REQUIRED WORK:
The data below should be restated word for word, with every picture omitted.

AVAILABLE DATA:
Content starts
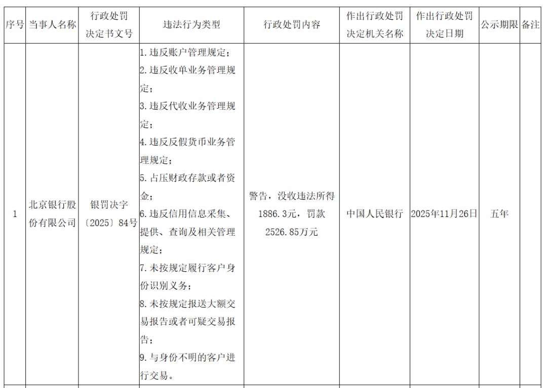 11月28日,中国人民银行发布的行政处罚公示显示,北京银行因9项违法行为被中国人民银行处以警告,并没收违法所得1886.3元,罚款2526.85万元。华夏银行因10项事由被没收违法所得15.456791万元,罚款1365.5万元。两家银行均有多名相关责任人被处以警告、罚款等行政处罚。
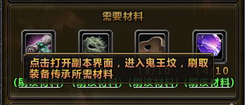 - 点击【传承】按钮为装备传承。装备传承需要材料可按照材料下方提示进行获取。
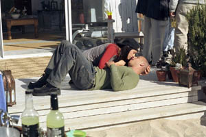teraszán salsát táncol a naplementében a feleségével, mi itt, a filmvászon túloldalán már tudjuk, hogy sok jóra nem számíthatunk. (Ha egy akciófilm elején nagyon erőteljes családi idillt látunk, vagy egy fiatal feleség igazán édesnek és kedvesnek van beállítva, egyfajta akciófilmes törvény szerint tartanunk kell a következő jelenetben való elvesztésétől).
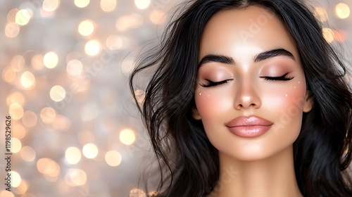 Glowing makeup application studio setting beauty portrait soft focus radiant skin concept for modern aesthetics
Content ends
EXERCISE RESPONSE:
 11月28日,中国人民银行发布的行政处罚公示显示,北京银行因9项违法行为被中国人民银行处以警告,并没收违法所得1886.3元,罚款2526.85万元。华夏银行因10项事由被没收违法所得15.456791万元,罚款1365.5万元。两家银行均有多名相关责任人被处以警告、罚款等行政处罚。
 - 点击【传承】按钮为装备传承。装备传承需要材料可按照材料下方提示进行获取。
teraszán salsát táncol a naplementében a feleségével, mi itt, a filmvászon túloldalán már tudjuk, hogy sok jóra nem számíthatunk. (Ha egy akciófilm elején nagyon erőteljes családi idillt látunk, vagy egy fiatal feleség igazán édesnek és kedvesnek van beállítva, egyfajta akciófilmes törvény szerint tartanunk kell a következő jelenetben való elvesztésétől).
 Glowing makeup application studio setting beauty portrait soft focus radiant skin concept for modern aesthetics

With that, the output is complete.